Da viagem até lá surgem as paisagens mais simpáticas. Um verde vasto, igrejas e capelas altas a cada povoado. São estas as pontes naturais que caem na graça de quem sou. São estas palavras e fotografias que me alimentam de esperança pelo Portugal que não posso esquecer.
Guarda encerra os tantos caminhos antigos. A sua Sé gótica só por fora me encantou. Estava fechada nas portas e no terreno por casas com histórias por contar (ou por saber) e uma praça aberta que de tal contraste me provocou dores. E foi nessa praça que o café se deitou sobre o cigarro. E foi nessa praça que vi, da esplanada, a Sé como vizinha e me recordei do tempo que passava a escrever.

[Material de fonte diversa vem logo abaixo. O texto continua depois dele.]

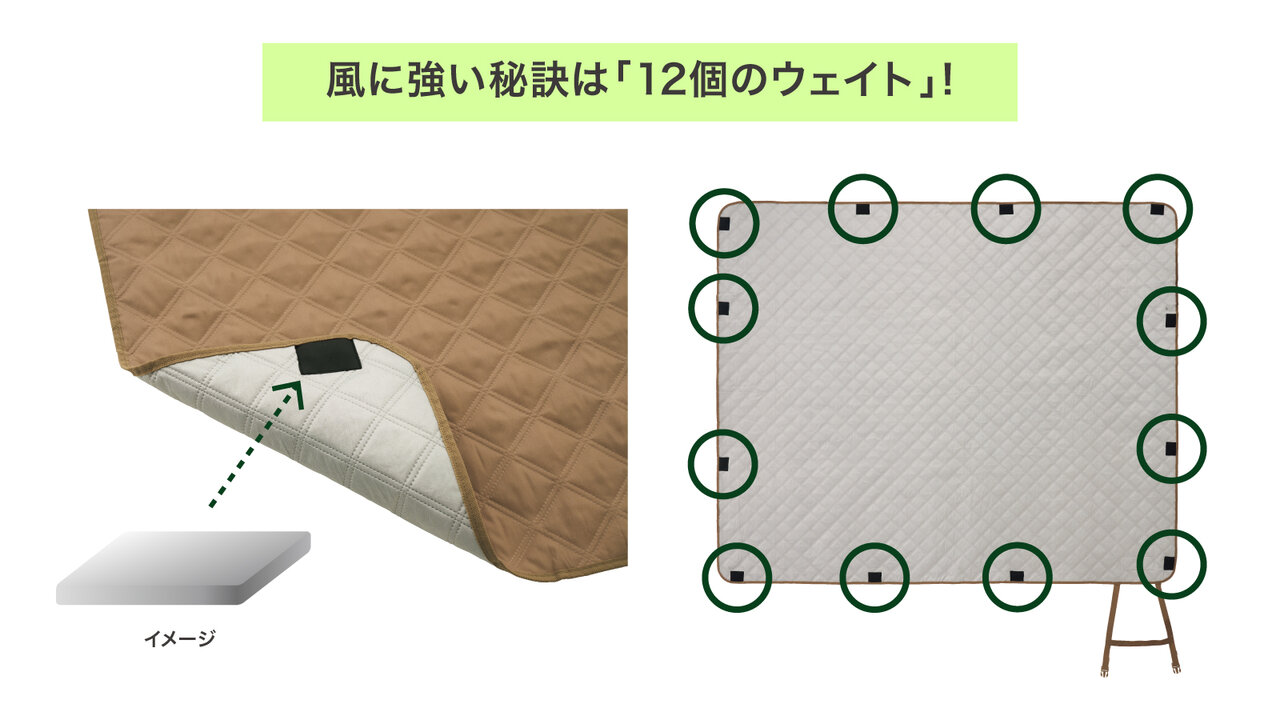 このシートの最大の特徴は、内部にステンレス製のウェイトが12個入っていること。風が吹いてもシートがめくれ上がりにくく、広げたらすぐにくつろげます。

Na Covilhã as gentes e a geografia e a UBI e a força do Sol e a altitude que vive em precipício. De um cidade em tempo tão industrializada restam agora essas paredes a revestir a universidade dos argumentos práticos. As ruas e rotas desta pequena cidade não me fizeram ir longe mas antes pude voar pelos degraus que a escalavam e surgiu a graça da cidade miniatura, das gentes pequenas.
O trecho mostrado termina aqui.